Data provided
○ ○ ○ ○ ○

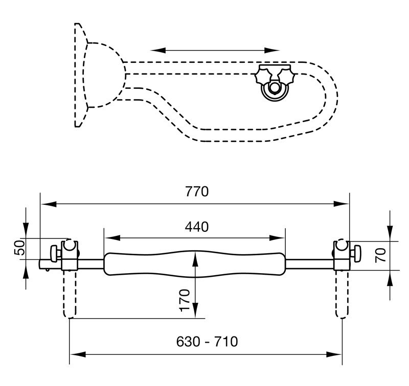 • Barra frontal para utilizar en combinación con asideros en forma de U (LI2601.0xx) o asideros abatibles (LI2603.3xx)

○ ○ ○ ○ ○

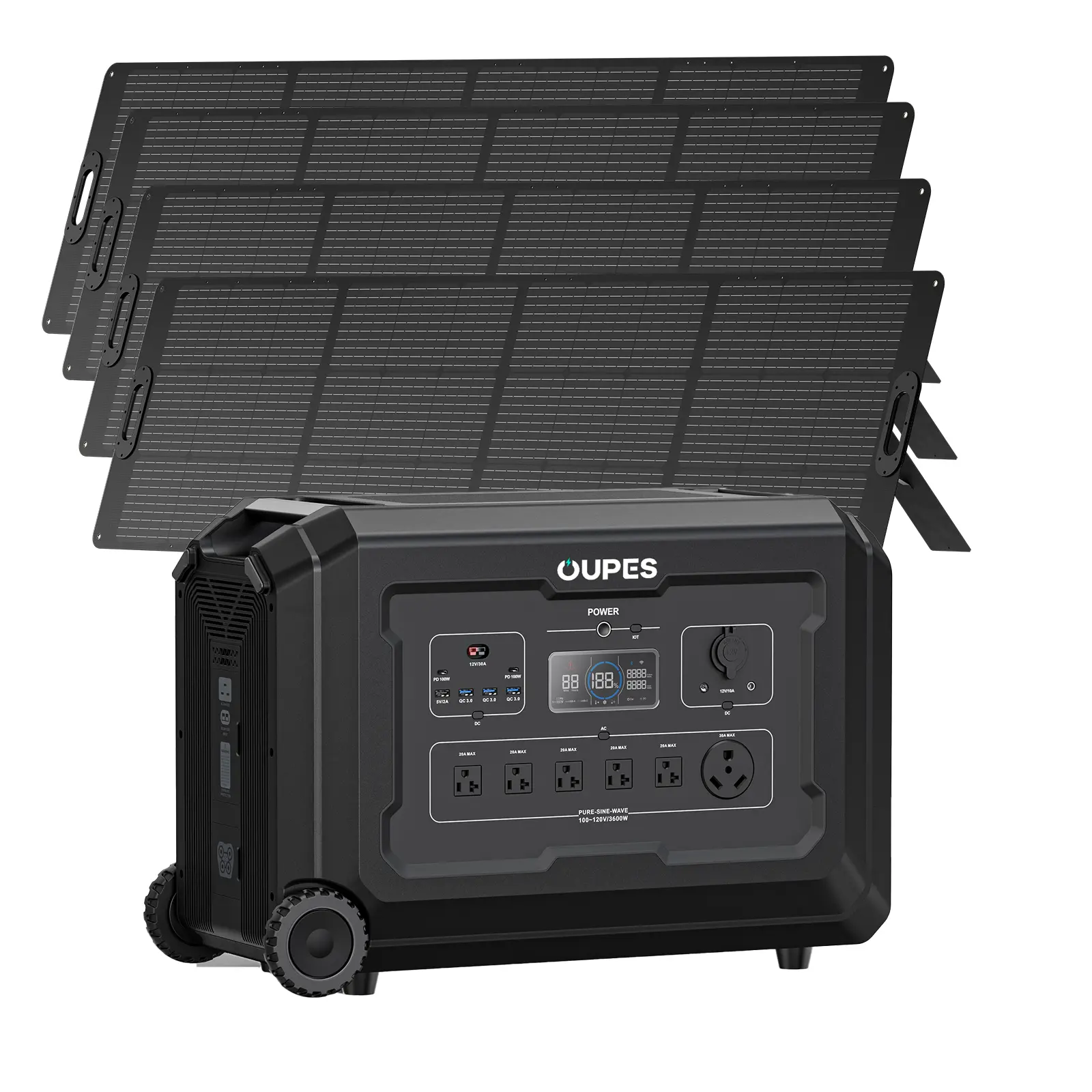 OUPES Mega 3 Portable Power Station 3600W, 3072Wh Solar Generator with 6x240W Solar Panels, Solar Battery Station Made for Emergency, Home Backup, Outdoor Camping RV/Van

○ ○ ○ ○ ○

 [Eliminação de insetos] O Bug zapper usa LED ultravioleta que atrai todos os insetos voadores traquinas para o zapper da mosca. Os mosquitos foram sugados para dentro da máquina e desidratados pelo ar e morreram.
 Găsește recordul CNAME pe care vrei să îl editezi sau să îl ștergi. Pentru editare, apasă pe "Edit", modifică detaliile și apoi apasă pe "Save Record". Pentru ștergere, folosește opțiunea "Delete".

○ ○ ○ ○ ○

Exercise description
Only the lines above starting with the one with "[Eliminação de insetos]" and going through the one with "Găsește recordul CNAME" are to be copied, word for word and with both ends kept.

Task answer
 [Eliminação de insetos] O Bug zapper usa LED ultravioleta que atrai todos os insetos voadores traquinas para o zapper da mosca. Os mosquitos foram sugados para dentro da máquina e desidratados pelo ar e morreram.
 Găsește recordul CNAME pe care vrei să îl editezi sau să îl ștergi. Pentru editare, apasă pe "Edit", modifică detaliile și apoi apasă pe "Save Record". Pentru ștergere, folosește opțiunea "Delete".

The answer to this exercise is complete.